Charlie Morton isn’t a very good pitcher.
His career ERA is 5.38, he’s got fewer than half-again as many strikeouts as he does walks, and he went 2-12 with a 7.57 ERA in 2010. If I were Chuck, I’d look to shake things up a little bit.
Well, it looks like he’s done just that. Morton, a third round pick of the Braves in 2002 and traded as part of the package that sent Nate McLouth to Atlanta in 2009, has changed his delivery.

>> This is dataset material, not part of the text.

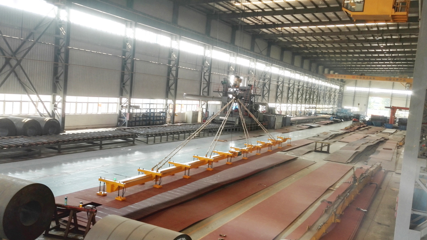 吊運方案:鋼板規格為12-22.5mX1.25-2.0mX6-10mm,用20臺HEPMP-400電永磁鐵聯吊22.5m鋼板方案取代原8個鋼板鉗吊具搬運方案
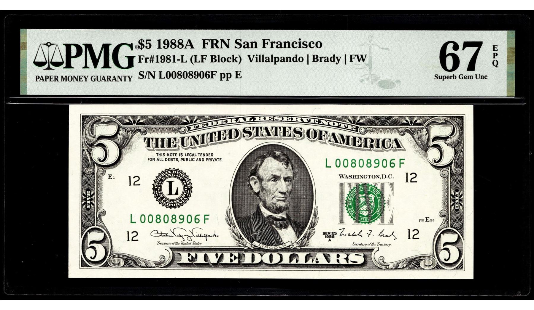 One 1988A $5 Federal Reserve Note San Francisco Fr.1981-L PMG Superb Gem Unc 67EPQ. PMG Certified.

Not only that, he’s changed it to mimic a pretty familiar guy: Roy Halladay.
Hey, if you can’t be as good, at least try what seems to work.
To the right, we have a side-by-side comparison of still images from Morton’s May 18 start against Cincinnati (a complete game shutout) and Halladay’s May 20 start against Texas.
It’s a little busy, so forgive the assorted MLB.tv fragments for a second and focus on the similarities (with a bigger size here).
Starting straight-up with the glove and ball chest-high, the first move in the wind-up is to bring ball and glove overhead with a short step back at about 45 degrees. Then, actually “winding up” by bringing ball and glove back chest-high while pushing off with the left leg and bringing it up starts to create torque.
You can see that, while Morton’s hands are a bit farther from his body, the positioning is essentially the same. Both are primed and about ready to release the hip tension they’ve wound up from these similar positions.
Opening up, both pitchers have the ball parallel to their shoulders as they plant, with shoulders up and gloves straight out in front with bent elbows.
Then, at pitch release, the arm comes through a three-quarter slot and straight to the mitt.
You can compare Morton’s 2011 delivery with his 2010 delivery in this picture. The building blocks for True Halladay Mimicry are there, but only this season has the imitation become absolute. This is by design.
Now, this is to say nothing of Morton’s results. His stuff, while above average at times, still pales in comparison to Doc, and even with this new delivery Morton has managed only 29 strikeouts to 26 walks in 55 innings so far in 2011. Doc walked 30 batters in 250.2 innings in 2010. Really, this isn’t a way of saying Morton is about to be the next Halladay, but it’s sure neat that he wants to try. Really, Morton should be honored that Doc even allows this without demanding tribute or animal sacrifice.